At SC23 next week, NeuReality will demonstrate its easy-to-deploy software development kit, APIs, and two flavors of hardware technology: the NR1-M™ AI Inference Module and the NR1-S™ AI Inference Appliance. Along with OEM and Deep Learning Accelerator (DLA) providers, each demo addresses specific market sectors and AI applications that showcase the breadth of NeuReality’s technology stack and compatibility with all DLAs. The systems architecture will feature one-of-kind, patented technologies including:
- NR1 AI-Hypervisor™ hardware IP: a novel hardware sequencer that offloads data movement and processing from the CPU, an architectural cornerstone for heterogenous compute semiconductor device;
- NR1 AI-over-Fabric™ network engine: an embedded NIC (Network Interface Controller) with offload capabilities for an optimized network protocol dedicated for inference.
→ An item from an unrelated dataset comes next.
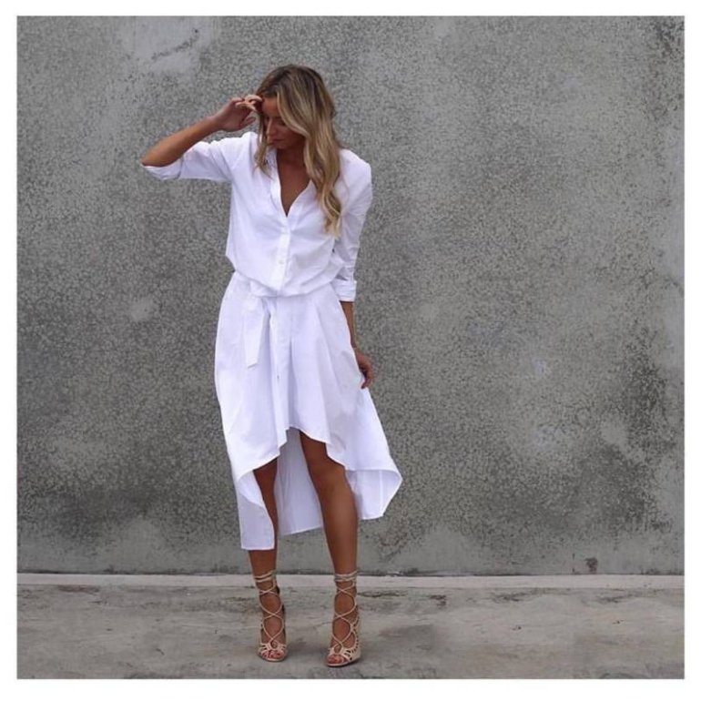 Белоснежное платье рубаха.

The AIoF™ (AI-over-Fabric) protocol optimizes networking between AI clients and servers as well as between connected servers forming a large language model (LLM) cluster or other large AI pipelines;
- NR1 NAPU™ (Network Addressable Processing Unit): a network-attached heterogenous chip for complete AI-pipeline offloading, leveraging Arm cores to host Linux-based server applications with native Kubernetes for cloud and data center orchestration.
“The next era of AI relies on broad deployment of ML inference in order to unlock the power of LLMs and other maturing models in new and existing applications, ” says Mohamed Awad, Senior Vice President and General Manager, Infrastructure Line of Business, Arm. “Arm Neoverse delivers a versatile and flexible technology platform to enable innovative custom silicon such as NeuReality’s NR1™ NAPU, which brings to market a powerful and efficient form of specialized processing for the AI-centric data center.”
NeuReality is shipping by the end of 2023 with an established value chain of software partners, original equipment manufacturers (OEMs), semiconductor deep learning accelerators (DLA) suppliers, cloud service providers, and enterprise IT solution companies such as Arm, AMD, CBTS, Cirrascale, IBM, Lenovo, Qualcomm, Supermicro, and more. As a result, financial services, healthcare, government and smaller businesses can expect to access easy-to-deploy and easy-to-use AI inference solutions from NeuReality with profitable performance.
“We are thrilled to be working with NeuReality to deliver inference-as-a-service in banking, insurance and investment services,” says PJ Go, CEO, Cirrascale Cloud Services. “As a specialized cloud and managed services provider deploying the latest training and inference compute with high-speed storage at scale, we focus on helping customers choose the right platform and performance criteria for their cloud service needs. Working with NeuReality to help solve for inference – arguably the biggest issue facing AI companies today – will undoubtedly unlock new experiences and revenue streams for our customers.”
Tanach adds: “Along with our partners, we have re-imagined inference and, in the process, have set the standard for the future of AI which is more cost effective, carbon-conscious and performance-driven. The NAPU is the Swiss army knife of AI-inference servers – easily integrated into any existing system architecture and with any DLA. So, no one needs to wait two or three years for someone to invent the ideal AI inference chip. We already have it.”